# TASK DETAILS
Verbatim reproduction of the entries is required; images must be omitted.
[DATA SHOWN Boundary: Start]
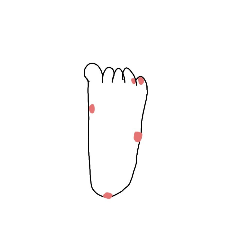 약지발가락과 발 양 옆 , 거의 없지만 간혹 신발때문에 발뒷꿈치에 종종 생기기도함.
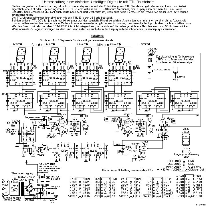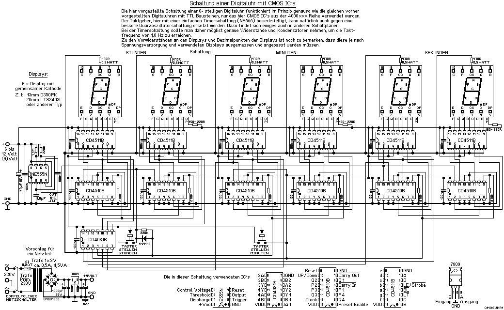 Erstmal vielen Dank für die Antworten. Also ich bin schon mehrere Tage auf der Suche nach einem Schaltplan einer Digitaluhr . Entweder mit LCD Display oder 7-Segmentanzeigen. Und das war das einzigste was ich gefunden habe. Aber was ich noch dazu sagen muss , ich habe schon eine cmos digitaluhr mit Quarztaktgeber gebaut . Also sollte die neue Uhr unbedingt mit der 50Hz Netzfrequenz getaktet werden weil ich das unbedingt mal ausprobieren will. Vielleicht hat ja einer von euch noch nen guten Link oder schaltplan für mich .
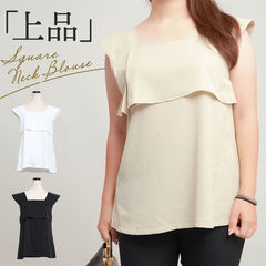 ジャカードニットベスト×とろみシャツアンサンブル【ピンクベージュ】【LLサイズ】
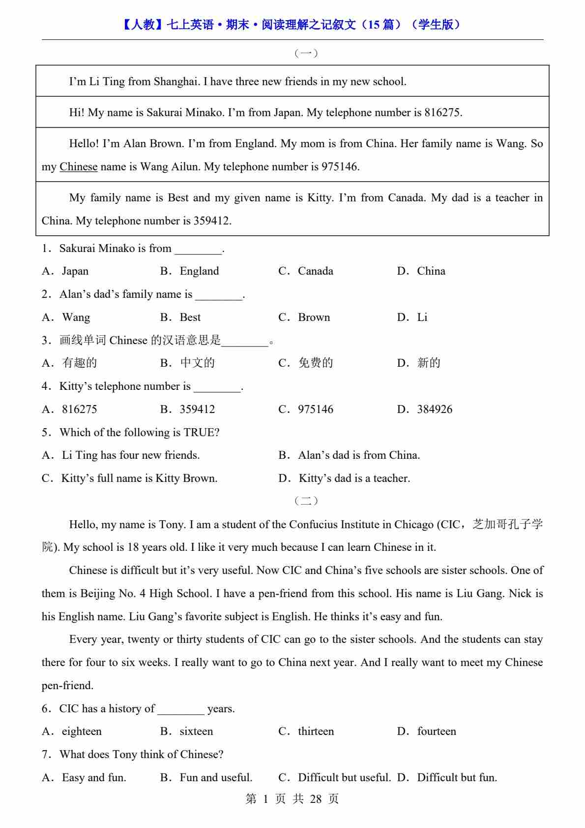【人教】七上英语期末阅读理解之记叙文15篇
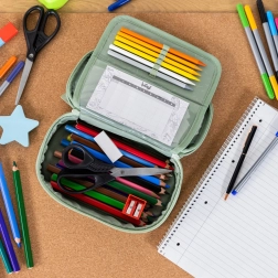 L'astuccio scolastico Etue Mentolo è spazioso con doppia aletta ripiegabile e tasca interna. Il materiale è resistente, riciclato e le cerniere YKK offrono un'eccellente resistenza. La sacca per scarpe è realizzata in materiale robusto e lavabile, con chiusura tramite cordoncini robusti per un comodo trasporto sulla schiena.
[DATA SHOWN Boundary: End]
# ANSWER BOX
 약지발가락과 발 양 옆 , 거의 없지만 간혹 신발때문에 발뒷꿈치에 종종 생기기도함.
 Erstmal vielen Dank für die Antworten. Also ich bin schon mehrere Tage auf der Suche nach einem Schaltplan einer Digitaluhr . Entweder mit LCD Display oder 7-Segmentanzeigen. Und das war das einzigste was ich gefunden habe. Aber was ich noch dazu sagen muss , ich habe schon eine cmos digitaluhr mit Quarztaktgeber gebaut . Also sollte die neue Uhr unbedingt mit der 50Hz Netzfrequenz getaktet werden weil ich das unbedingt mal ausprobieren will. Vielleicht hat ja einer von euch noch nen guten Link oder schaltplan für mich .
 ジャカードニットベスト×とろみシャツアンサンブル【ピンクベージュ】【LLサイズ】
【人教】七上英语期末阅读理解之记叙文15篇
 L'astuccio scolastico Etue Mentolo è spazioso con doppia aletta ripiegabile e tasca interna. Il materiale è resistente, riciclato e le cerniere YKK offrono un'eccellente resistenza. La sacca per scarpe è realizzata in materiale robusto e lavabile, con chiusura tramite cordoncini robusti per un comodo trasporto sulla schiena.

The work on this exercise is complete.